Night Singing was commissioned by, and is dedicated to, Zeitgeist.
I. That Hour
It was that hour of the night when guilty dreams
Rise from brown, restless adolescents in swarms…
II. Suddenly, Bells
Sudden, bells leap forth into the air,
Hurling a hideous uproar to the sky
As ‘twere a band of homeless spirits who fare
Through the strange heavens, wailing stubbornly…
III. Bach Dreams
This voice, which seems to pearl and filter
Through my soul’s inmost shady nook,
Fills me with poems, like a book,
And fortifies me, like a potion…
IV. A Crying Horn
And one old memory, like crying horn
Sounds through the forest where my soul is lost…
Composer Andrew Rindfleisch (b. 1963) has enjoyed a career in music that has also included professional activity as a conductor, pianist, vocalist, improviser, record producer, radio show host, educator, and concert organizer. As a composer, he has produced dozens of works for the concert hall, including solo, chamber, vocal, orchestral, brass, and wind music, as well as an unusually large catalog of choral music. His committed interest in other forms of music-making has also led him to the composition and performance of jazz and related forms of improvisation.
Mr. Rindfleisch is the recipient of the Rome Prize, a John Simon Guggenheim Fellowship, the Aaron Copland Award, and the Koussevitzky Foundation Fellowship from the Library of Congress. Over forty other prizes and awards have followed honoring his music. He has participated in dozens of renowned music festivals and has received residency fellowships from the Bogliasco Foundation (Italy), the Czech-American Institute in Prague, the Charles Ives Center for American Music, the June in Buffalo Contemporary Music Festival, the MacDowell Colony, and the Pierre Boulez Conductor’s Workshop at Carnegie Hall. He holds degrees from the University of Wisconsin at Madison (Bachelor of Music), the New England Conservatory of Music (Master of Music), and Harvard University (PhD).
As a conductor and producer, Mr. Rindfleisch’s commitment to contemporary music culture has brought into performance and recording over 500 works by living composers over the past 20 years.

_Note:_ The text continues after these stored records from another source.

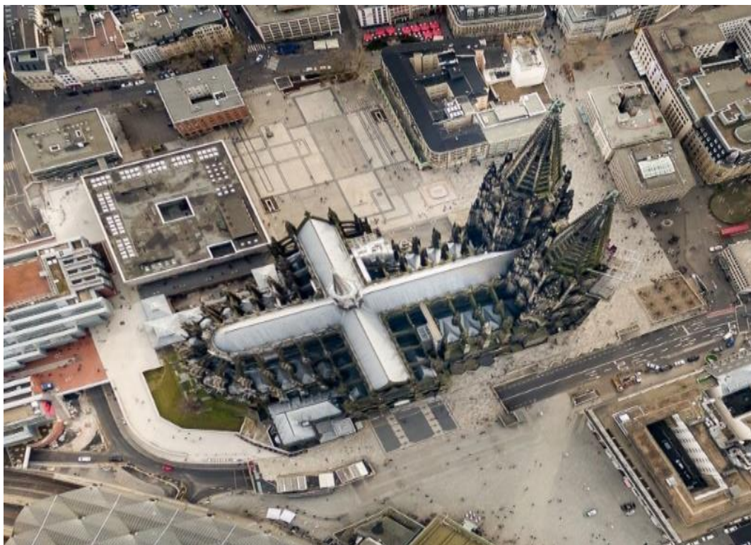
Рисунок 5. Вид сверху на Кёльнский собор

Если посмотреть на Кёльнский собор сверху, то можно заметить, что план собора выполнен в виде латинского креста и имеет два прохода с обеих сторон, которые поддерживают высокий готический свод. На рисунке 5 изображён Кёльнский собор с видом сверху.
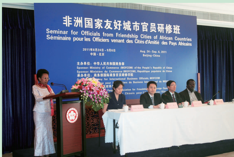
非洲国家友好城市研修班学员代表发言

2011年8月下旬,对外友协承办的非洲法语国家友好城市官员研修班23人在华度过了两周美好的时光。他们分别来自摩洛哥、刚果(布)、布隆迪、贝宁、毛里求斯、马里、科特迪瓦、多哥、乍得、马达加斯加和佛得角等11个国家。在北京,来自国务院发展研究中心、文化部、北京市规划委员会、北京市旅游发展委员会、中国传媒大学、清华大学、首都师范大学的专家和我会有关领导为学员们授课,内容涉及中国的区域经济发展、城市的基础设施规划、城市环境问题的治理、城市旅游发展战略、城市的国际艺术节和中国对非友好城市交往策略,受到学员们的赞赏和欢迎。学员们还赴浙江杭州、义乌和金华进行了为期一周的参观学习。在杭州举办了第八届中非友好城市暨地方政府合作研讨会,来自杭州市、宁
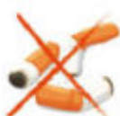
Filtres de cigarettes
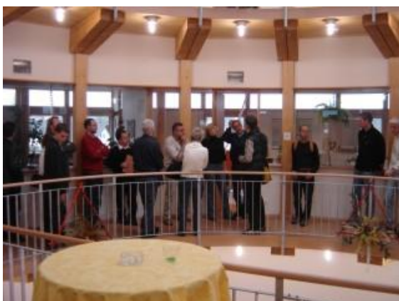
... im Christophorushaus in Stadl Paura
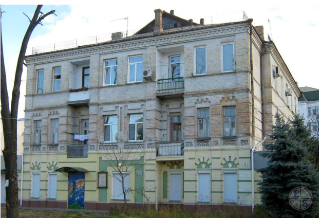
Синагога Скловського. Нині – житловий будинок.

Будинок збудували у 1880 році. На той час це була друга синагога у Черкасах. Перша, дерев'яна, розмішувалася внизу, на вулиці Єврейська, нині Гагаріна.
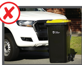
در مسیر جاده، راه، محل عبور موتور در درگاه خانه
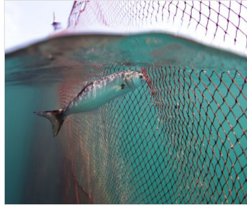
Lüfer, Bir Balığın Var Olma Savaşı
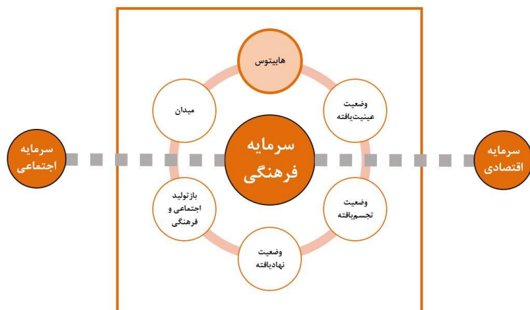
تصویر ۱. مدل شش مؤلفه‌ای سرمایه فرهنگی، با تأکید بر مؤلفه «هابیتوس»، و ارتباط آن با سرمایه اقتصادی و سرمایه اجتماعی. منبع: (Sablan & Tierney, 2014).
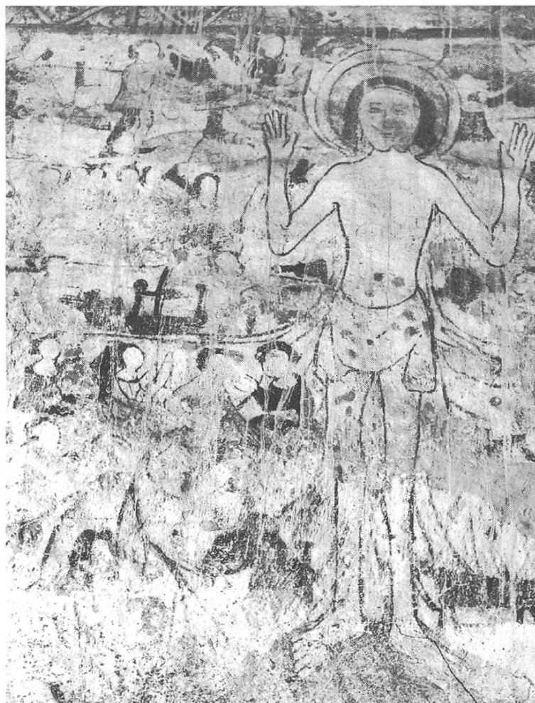
Feiertagschristus Schlans. Teilansicht.

Gut sichtbar auf dem Bild ist die Waldsäge mit einem der klobigen Schäfte. Dieses heimtückische Zahnschneidewerkzeug ist auf halber Höhe gegen den Körper Christi gerichtet. Links vom Feiertagschristus, von unten nach oben, befindet sich eine Mühle. Das Mühlrad beweist es, ebenfalls auch der Esel, der vor der Mühle von seinen Kornsäcken befreit oder mit Mehlsäcken beladen wird. Solche Darstellungen, Hauptsituationen, zentrale
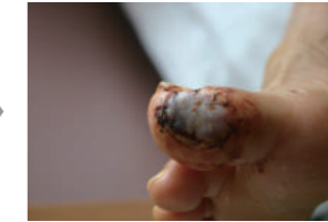
血行改善後に植皮術
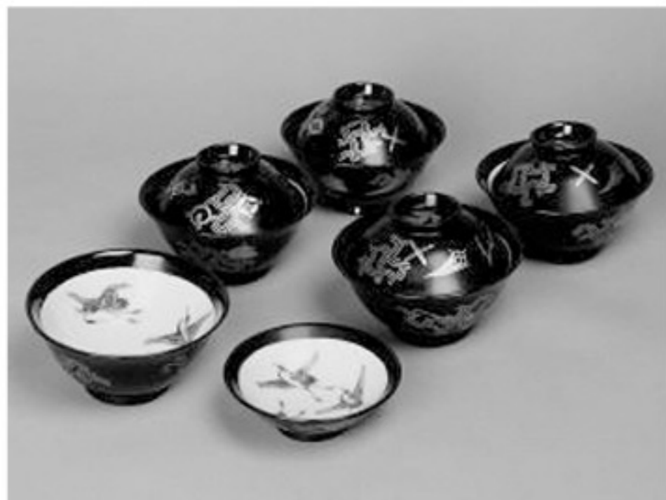
磁胎蒔絵内染付三鶴文蓋付碗 瀬戸・川本半助 江戸時代末期~明治時代(19世紀)
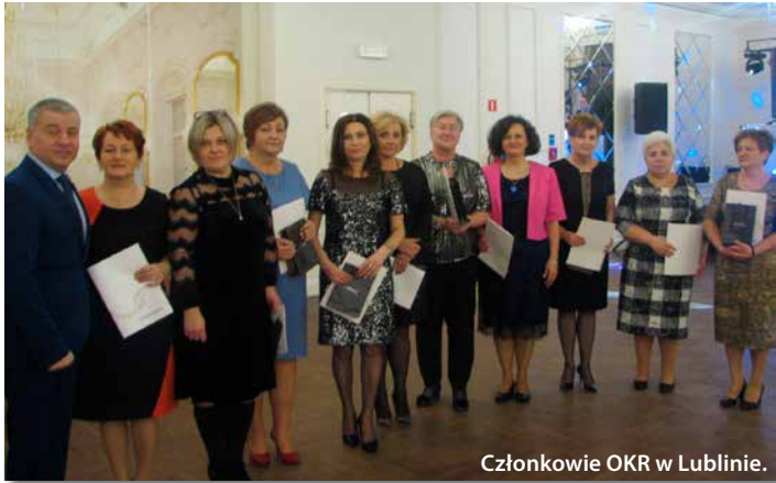
Członkowie OKR w Lublinie.
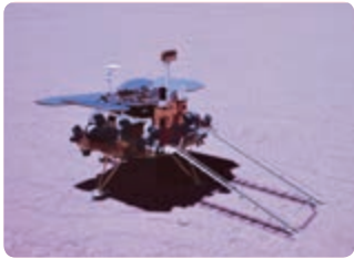
天问一号火星探测器

面对全球新一轮科技革命和产业变革重大机遇，我国要进一步聚焦新一代信息技术、生物技术、新能源、新材料、高端装备、新能源汽车、绿色环保以及航空航天、海洋装备等战略性新兴产业，加快关键核心技术创新应用，增强要素保障能力，培育壮大产业发展新动能。
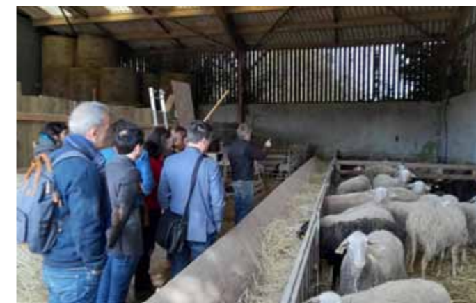
Journée de Clôture du défi Collèges à Alimentation Positive à la Ferme de la Joue et à la Bergerie de la Joue (Vigneux de Bretagne) - Public concerné : 5 collèges représentés - 14 personnes (chefs de cuisine, gestionnaires, enseignants) - avril 2022

Retrouvez ci-dessous un retour en photos sur quelques actions réalisées en 2022
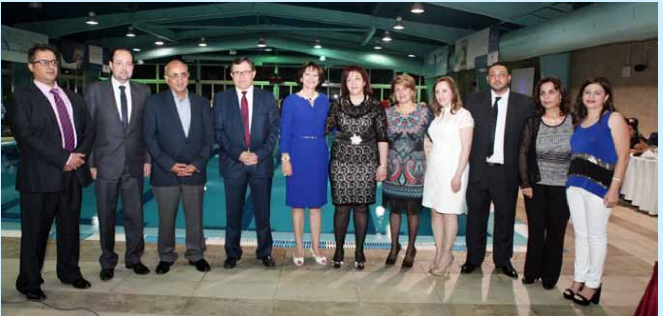
صورة جماعية لرئيس الهيئة الادارية مع المكرمين

He has founded several contemporary music ensembles and currently heads the Cleveland Contemporary Players Artist in Residency Series at Cleveland State University, and the Vertigo Ensemble at the Utah Arts Festival in Salt Lake City. He has made guest conducting appearances throughout the United States and abroad with many diverse musical organizations; from opera and musical theatre, to orchestral, jazz, improvisational, and contemporary avant-garde ensembles.